Windows 11 is the latest major release of Microsoft‘s Windows NT operating system, released in October 2021. It is a free upgrade to its predecessor, Windows 10 (2015), available for any Windows 10 devices that meet the new Windows 11 system requirements.
Windows 11 features major changes to the Windows shell influenced by the canceled Windows 10X, including a redesigned Start menu, the replacement of its “live tiles” with a separate “Widgets” panel on the taskbar, the ability to create tiled sets of windows that can be minimized and restored from the taskbar as a group, and new gaming technologies inherited from Xbox Series X and Series S such as Auto HDR and DirectStorage on compatible hardware. Internet Explorer (IE) has been replaced by the Chromium-based Microsoft Edge as the default web browser like its predecessor, Windows 10, and Microsoft Teams is integrated into the Windows shell. Microsoft also announced plans to allow more flexibility in software that can be distributed via Microsoft Store, and to support Android apps on Windows 11 (including a partnership with Amazon to make its app store available for the function).
Citing security considerations, the system requirements for Windows 11 were increased over Windows 10. Microsoft only officially supports the operating system on devices using an eighth-generation Intel Core CPU or newer (with some minor exceptions), AMD Ryzen CPU based on Zen+ microarchitecture or newer, or a Qualcomm Snapdragon 850 ARM system-on-chip or newer, with UEFI secure boot and Trusted Platform Module (TPM) 2.0 supported and enabled (although Microsoft may provide exceptions to the TPM 2.0 requirement for OEMs). While the OS can be installed on unsupported processors, Microsoft does not guarantee the availability of updates. Windows 11 removed support for 32-bit x86 CPUs and devices which use BIOS firmware.
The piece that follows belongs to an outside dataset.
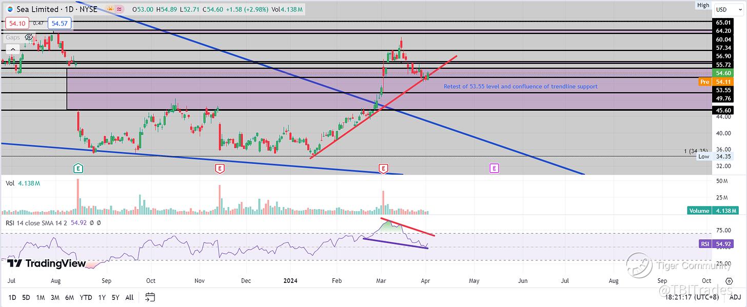 On the daily chart, we can see that bearish divergence marked a short-term top, as the stock pulled back into its trendline. It is now forming a hidden bullish divergence setup while retesting the 53.55 support. This was previously a level with significant basing, and thus it was not surprising to see it at this current level.

Windows 11 has received a widely polarized reception. Pre-release coverage of the operating system focused on its stricter hardware requirements, with discussions over whether they were legitimately intended to improve the security of Windows or as a ploy to upsell users to newer devices, and over e-waste associated with the changes. Upon release, it was praised for its improved visual design, window management, and a stronger focus on security, but was criticized for various modifications to aspects of its user interface which were seen as worse than its predecessor. As of May 2022, Windows 11 is the 2nd most popular Windows edition on Windows PCs in the United States, at 11%, and some other countries (also 2nd in North America as a whole and Oceania/Australia), while globally it remains 3rd on average (and in some countries 4th) after Windows 7, and also far behind Windows 10, which stands at 77% in the United States. Across all platforms, Windows 11 runs on a share of 2.6% of PCs.